Please output every record below exactly as written, leaving out any pictures.

Stored data entries
------------

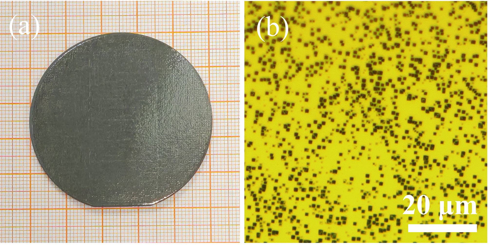 图3. (a) 2 英寸自支撑金刚石单晶照片 (b) 等离子蚀刻后金刚石表面的刻蚀坑显微图像。
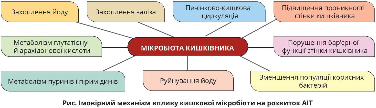 Механізм впливу мікробіоти кишківника на розвиток і перебіг АІТ досі вивчається. Імовірно, взаємодія між мікробами й організмом-господарем опосередкована такими мінералами, як селен, залізо, цинк, які впливають на рівні тиреоїдних гормонів. Окрім того, кишкова мікробіота продукує власні антигени, що можуть зумовлювати порушення цілісності міжклітинних контактів, надходити в системний кровообіг і, відповідно, призводити до формування прозапального тла й розвитку автоімунних процесів, зокрема в ЩЗ.
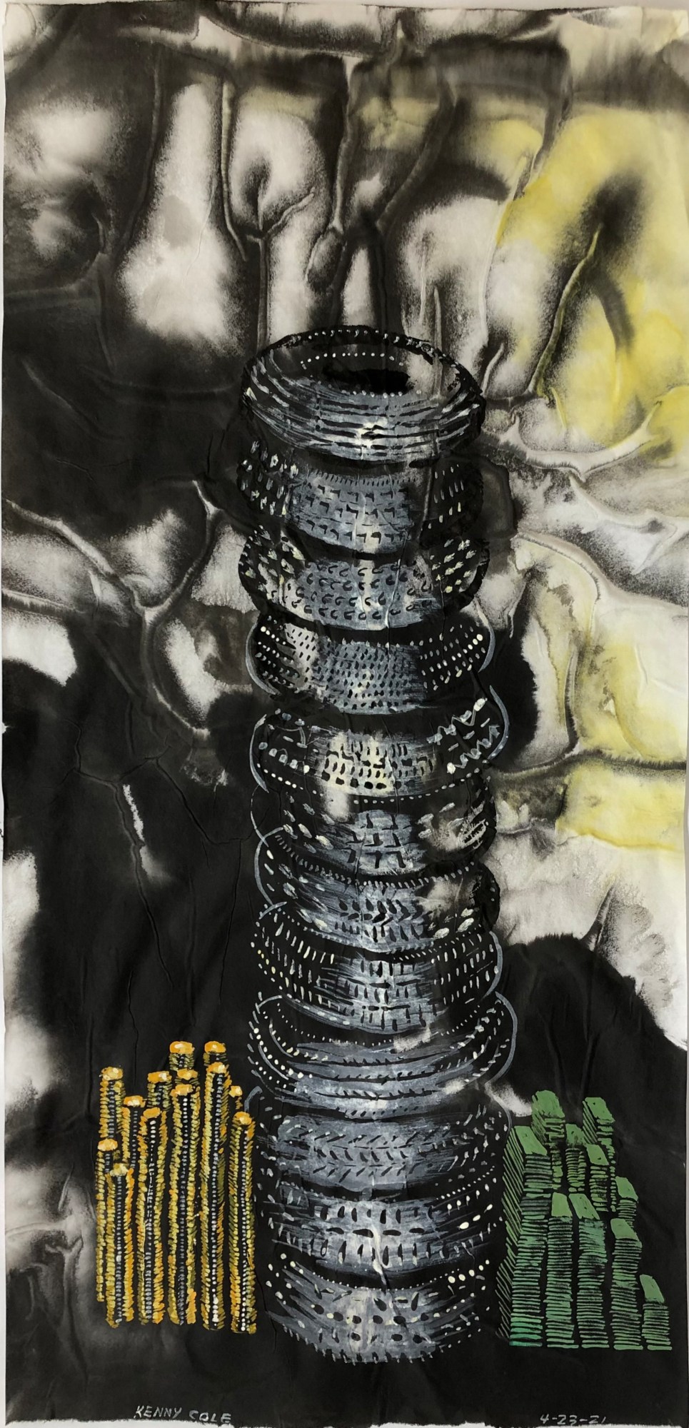 "Tower of Power"  Image: Stack of tires, coins and cash.
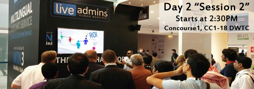 Live Chat Demo by LiveAdmins will be starting within the next 30 minutes at their booth (concourse 1, CC1-18) at the Gitex Technology week 2014. Join in.
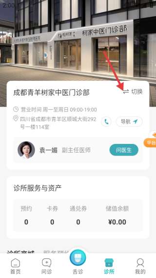 2、在诊所页,点击【切换】按钮,可更换显示的诊所信息。
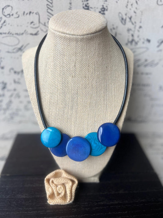 Blue statement necklace Tagua jewelry Beaded handmade necklace Geometric aesthetic necklace Art to wear Necklace with magnetic clasp
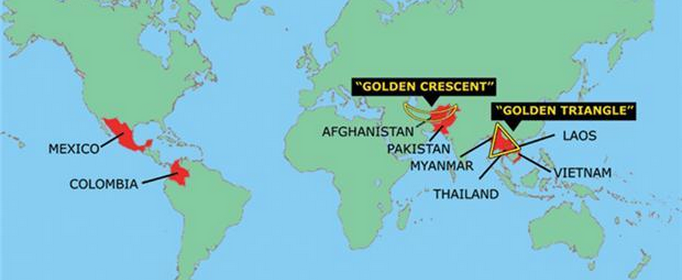 金新月国际毒源地是位于阿富汗、巴基斯坦和伊朗交界的三角地带。80年代以前,由于提炼技术的落后,鸦片一直是“金新月”地区毒品出口的终极产品,此后,随着西方毒品市场对海洛因需求量的猛增,鸦片的种植者和贩卖者认识到,直接出售海洛因更有利可图。

------------

ANSWER BOX
 图3. (a) 2 英寸自支撑金刚石单晶照片 (b) 等离子蚀刻后金刚石表面的刻蚀坑显微图像。
 Механізм впливу мікробіоти кишківника на розвиток і перебіг АІТ досі вивчається. Імовірно, взаємодія між мікробами й організмом-господарем опосередкована такими мінералами, як селен, залізо, цинк, які впливають на рівні тиреоїдних гормонів. Окрім того, кишкова мікробіота продукує власні антигени, що можуть зумовлювати порушення цілісності міжклітинних контактів, надходити в системний кровообіг і, відповідно, призводити до формування прозапального тла й розвитку автоімунних процесів, зокрема в ЩЗ.
 "Tower of Power"  Image: Stack of tires, coins and cash.
 Live Chat Demo by LiveAdmins will be starting within the next 30 minutes at their booth (concourse 1, CC1-18) at the Gitex Technology week 2014. Join in.
 2、在诊所页,点击【切换】按钮,可更换显示的诊所信息。
 Blue statement necklace Tagua jewelry Beaded handmade necklace Geometric aesthetic necklace Art to wear Necklace with magnetic clasp
 金新月国际毒源地是位于阿富汗、巴基斯坦和伊朗交界的三角地带。80年代以前,由于提炼技术的落后,鸦片一直是“金新月”地区毒品出口的终极产品,此后,随着西方毒品市场对海洛因需求量的猛增,鸦片的种植者和贩卖者认识到,直接出售海洛因更有利可图。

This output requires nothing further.